Dubya's earliest years were spent in the segregated Texas oil town, Midland, Texas. He moved to Houston with his family at age 13. In Houston, the family maid and childhood chum Hannah recall Dubya spending up to three hours at a time on Saturdays drilling vocabulary words on flashcards with his mother. It is unclear that he ever read on his own. Bush was denied admission to the most prestigious prep school in Houston, and had to settle for somewhere less academically demanding. When he transferred to Phillips Academy the following year, he joined other Texans at the bottom of the academic pile, recalling years later to a friend how embarrassed he was at receiving a grade of 0 on his first English paper.

Sheehy suggests that Bush's early difficulties with language, as well as his familiar malapropisms (and possibly those of his father) may result from undiagnosed dyslexia. The director of the Newhaus Education Center in Bellaire, Texas, which trains teachers to teach dyslexics to read confirms that Barbara Bush's interest in dyslexia stems from dyslexia in the family.

Dyslexia does not indicate lack of intelligence - in fact many dyslexics are extremely bright. It can, however, influence the behavior of the person who lives with it, including, for example, a tendency toward rigid routines. Moreover, dyslexia and attention-deficit-disorder are found together approximately 30% of the time.

Shortly after the 1988 presidential election, which Bush's father won, the opportunity materialized for Dubya to become at least part owner of a baseball team. The Texas Rangers were up for sale, and the then current owner, Eddie Chiles approached Dubya. Drawing on his Yale connections, Bush quickly pulled together a group of financiers from Cincinnati and New York. Despite their not being Texans commissioner Peter Ueberroth, also a Yalie, apparently favored the Bush group, even matching them up with Texas money man Richard Rainwater. Bush borrowed his $600,000 investment from a local bank, while the remaining 98.2% stake, or $86 million was put up by his cronies.

Texas sports journalists were skeptical of Bush as a baseball owner, perhaps rightly viewing it as a kind of fringe benefit of being the President's son.
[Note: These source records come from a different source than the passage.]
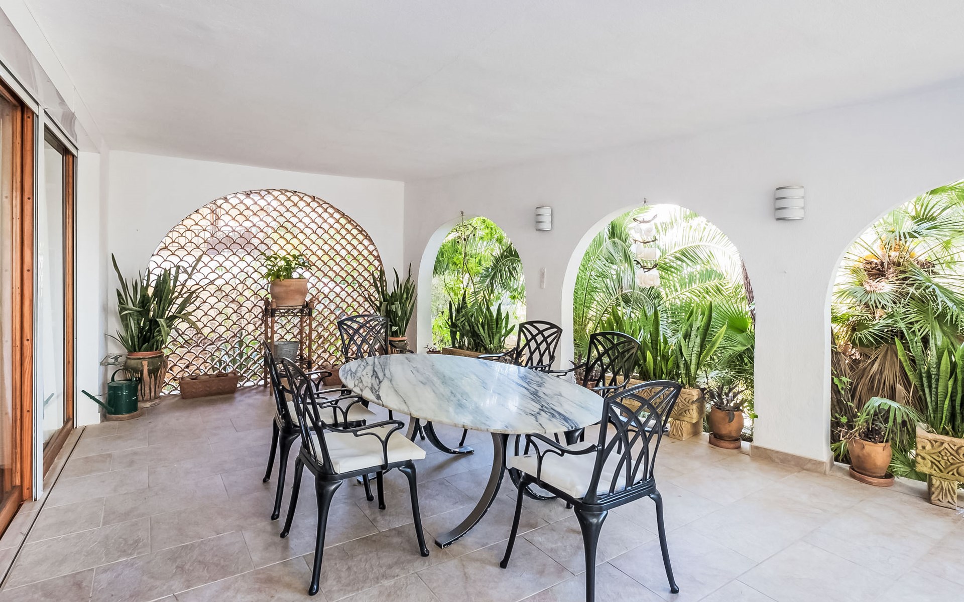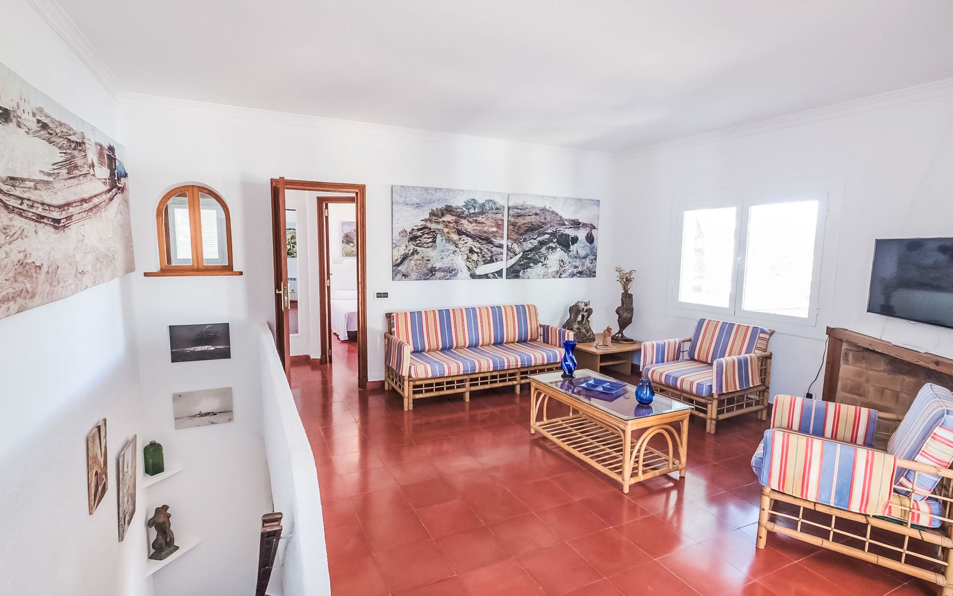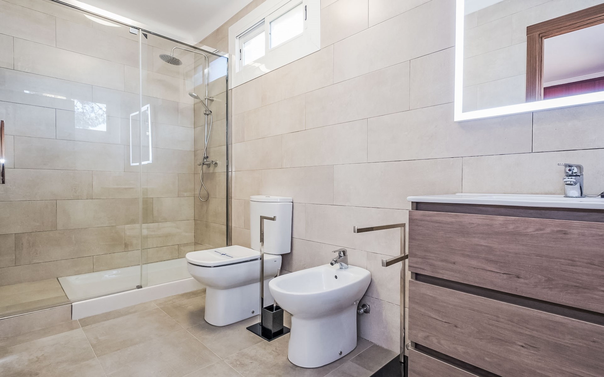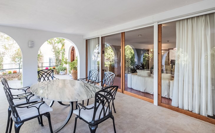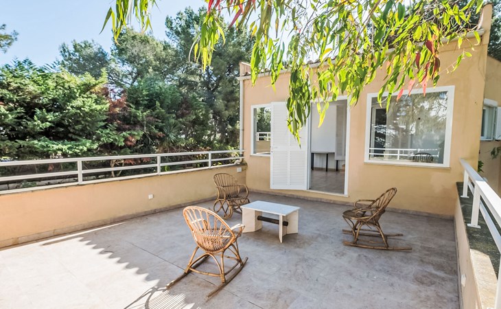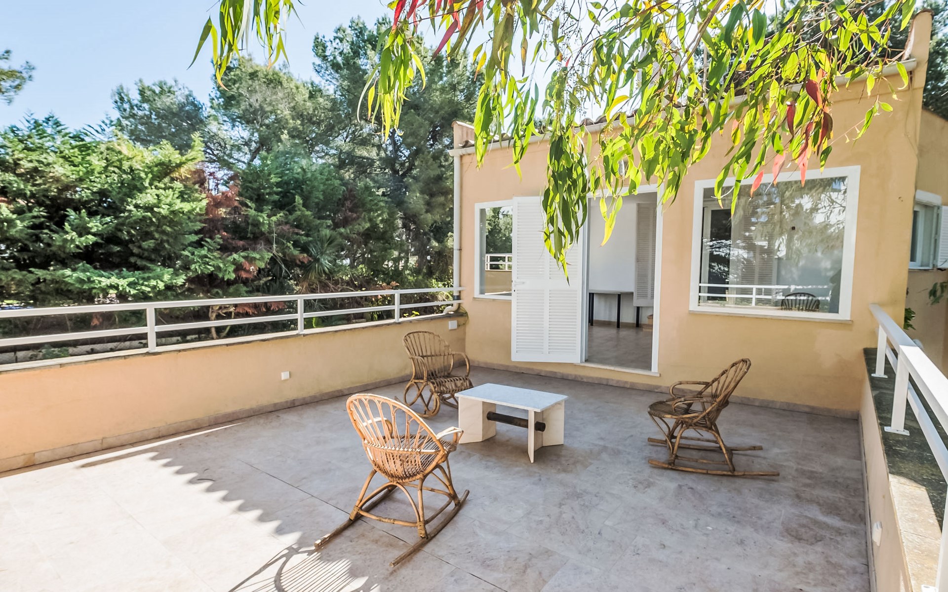 Large, cosy villa "Santa Ponça", 3 storeys. 1.5 km from the centre of Santa Ponça, in a quiet, sunny position, 100 m from the sea. Private: property 1'200 m2 (fenced), biotope, swimming pool angular (5 x 10 m, depth 180 cm, seasonal availability: 01.Jan. - 31.Dec.). Outdoor shower, patio (120 m2), arbour, pergola (25 m2), garden furniture, barbecue. In the house: internet access, WiFi, solarium, air conditioning, washing machine. Stepped path (10 steps) to the house. Parking (for 3 cars) at the house on the premises. Shop 1 km, restaurant 500 m, bus stop 600 m, sandy beach 1 km (small), shingle beach 200 m, diving center 100 m, swimming bay 650 m. Sports harbour 100 m, golf course (18 hole) 2.8 km. Nearby attractions: Palma centro 22 km, Calvià centro 9 km, Parc Natural Sa Dragonera 30 km. Object suitable for 8 adults. The owner does not accept any youth groups. Neighbourhood highly sensitive to noise. Quietness and good behaviour expected. The tap water has no drinking water quality.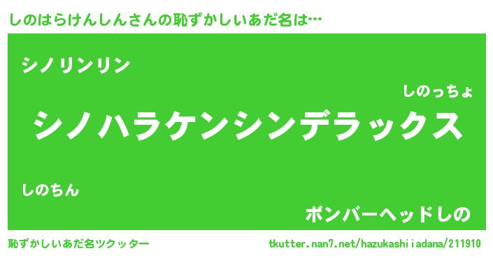 | 意味不明あだ名 | 『住所不定無職しのはらけんしん(14歳)』 |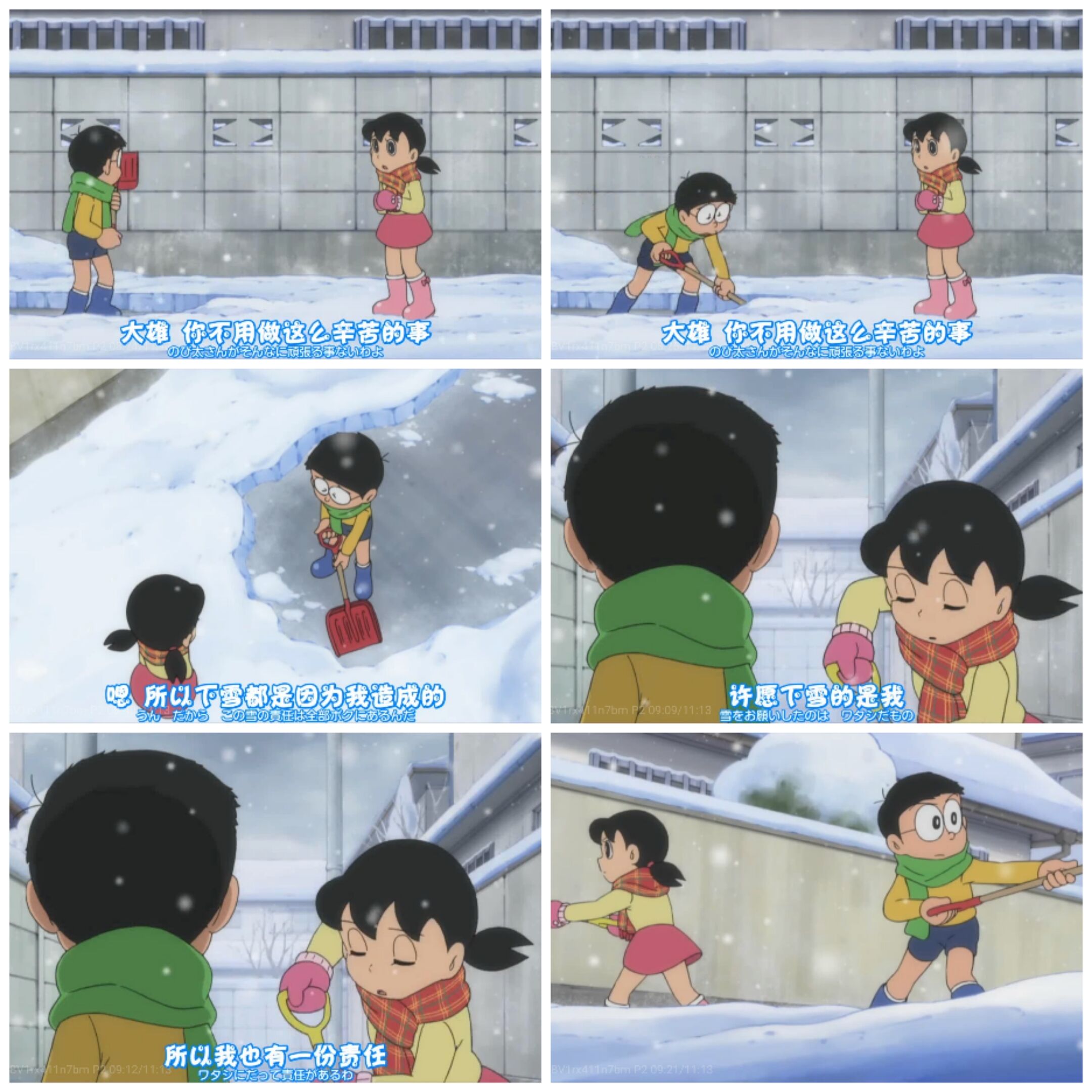 而静香在雪山看到的大雄,虽然一身毛病,但是他在很努力地做,大雄愿意为了对静香的情感而克服自己的弱点,努力地承担起自己应负的责任。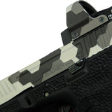A fresh take on the Glock 34. This Glock 34 features the Combat Seeker slide cuts. The serrations are cut behind the lightening cuts allowing for more modern slide manipulation options. With its longer sight radius, Agency Arms barrel and the Leupold Deltapoint Pro this Glock 34 is a very accurate setup. To increase that Look Cool Factor (LCF) it is finished in a hexagonal camouflage.
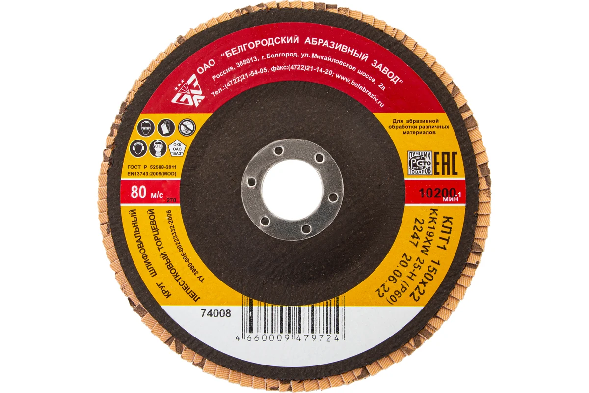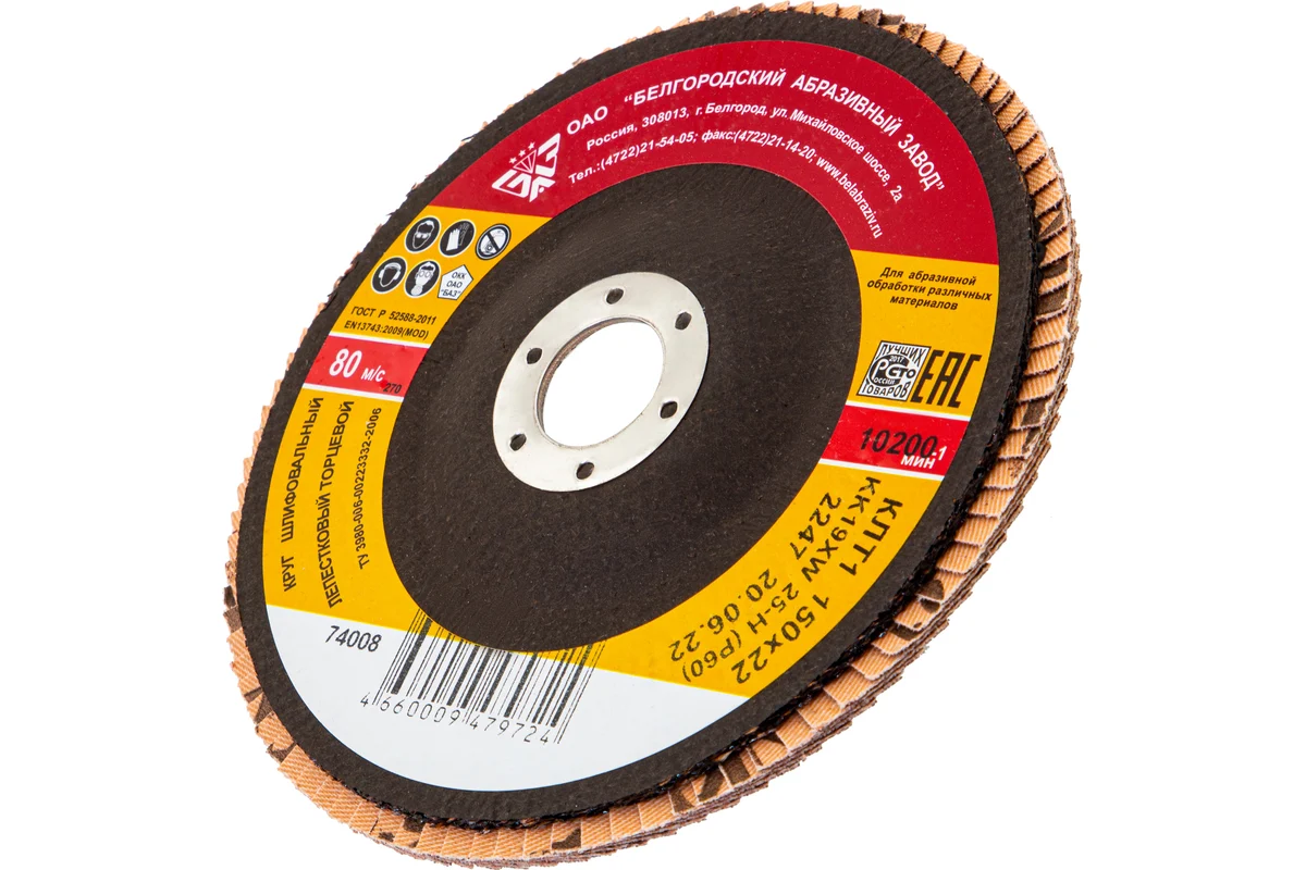 Круг лепестковый торцевой RUSSIA КЛТ-1, модель 74008, с зернистостью Р60 (25Н), диаметром 150 х 22,2 мм, предназначен для установки на фланец углошлифовальной машины (УШМ) с посадочным отверстием 22,2 мм. Этот инструмент подходит для выполнения черновой обработки, торцевого и плоского шлифования разнообразных материалов, включая древесину, металл и пластик. Он эффективно справляется с задачами по зачищению сварных швов, удалению острых углов после резки, толстой ржавчины и краски, а также снятию фасок.
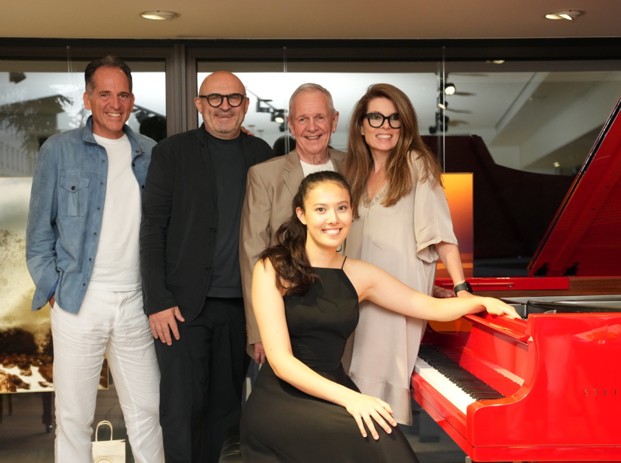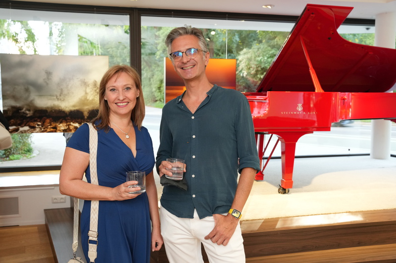 Zur Vernissage bei Steinway & Sons begrüsste Hausherr Joe Plakinger u.a. Moderator Fritz Egner, die Schauspielerin Gabrielle Odinis, Star-Friseur Manfred Kraft, die Unternehmer:innen Jochen Ofner (Profinanz Capital Partners) und Dunja Siegel, Leica Galerist Stefan Huber sowie Internist Dr. Tobias Sokolowski.

Nonetheless, in a preview of his behavior as a President who lost the popular vote, Bush acted the part of team owner to the hilt. He attended spring training and every home game, sitting next to the Rangers dugout, and spitting like a player.

And in what may have presaged his conduct in government, Bush and his partners successfully promoted a scheme whereby the city of Arlington Texas agreed to pay for a new Rangers baseball stadium with taxpayers' money.

Baseball commissioner Fay Vincent was forced to resign at about the time Texas Republicans were trying to convince Dubya to run against Ann Richards for the office of Governor of Texas. Bush reportedly called Vincent to lobby for the position of commissioner for himself. Vincent tried to discourage Bush, who apparently had little support among other owners. According to Vincent, Bush told him "I think I'd rather be commissioner than governor." After waiting another year in the vain hope that he might become baseball commissioner, in 1993 Bush finally agreed to run against Ann Richards.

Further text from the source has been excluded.